- _Given information_

#####

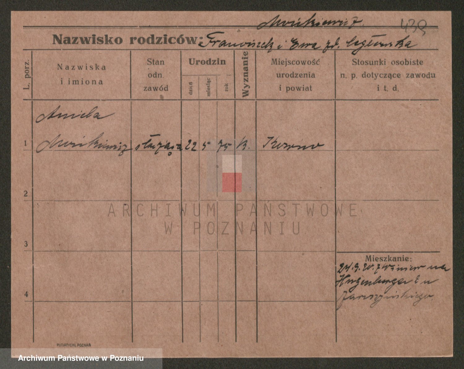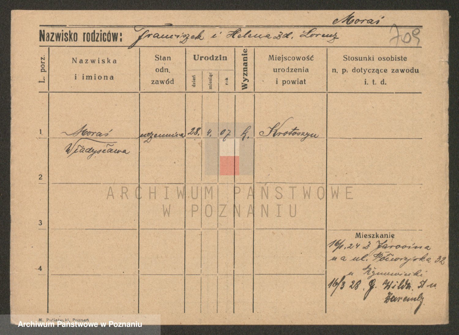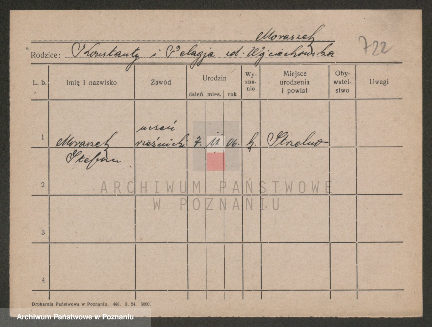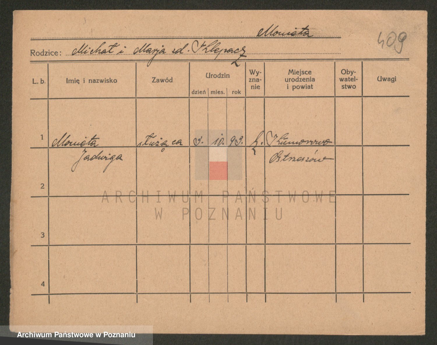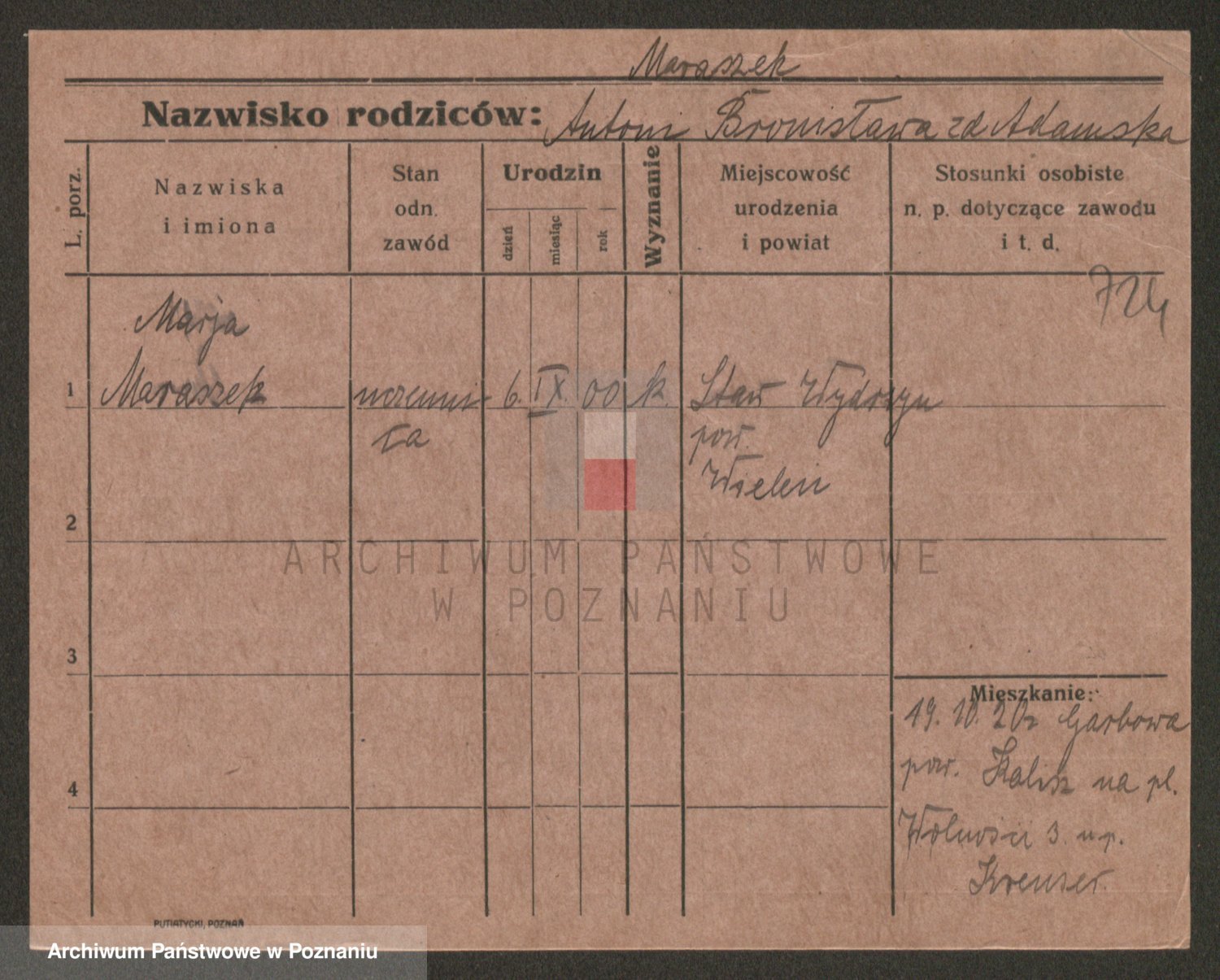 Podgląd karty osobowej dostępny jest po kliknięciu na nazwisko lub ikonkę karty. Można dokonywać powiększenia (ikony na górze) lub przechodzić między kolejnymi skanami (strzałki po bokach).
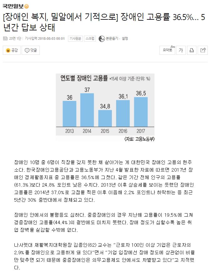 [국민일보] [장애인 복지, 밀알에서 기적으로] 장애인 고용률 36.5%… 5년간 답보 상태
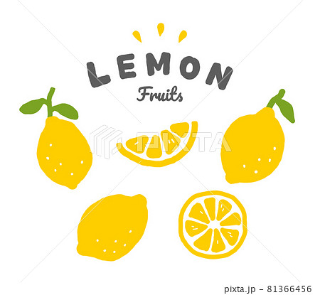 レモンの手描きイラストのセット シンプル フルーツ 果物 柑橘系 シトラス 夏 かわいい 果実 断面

#####

- _Your objective_
Word for word, give the data above again, without any images.

- _Result below_
 Podgląd karty osobowej dostępny jest po kliknięciu na nazwisko lub ikonkę karty. Można dokonywać powiększenia (ikony na górze) lub przechodzić między kolejnymi skanami (strzałki po bokach).
 [국민일보] [장애인 복지, 밀알에서 기적으로] 장애인 고용률 36.5%… 5년간 답보 상태
 レモンの手描きイラストのセット シンプル フルーツ 果物 柑橘系 シトラス 夏 かわいい 果実 断面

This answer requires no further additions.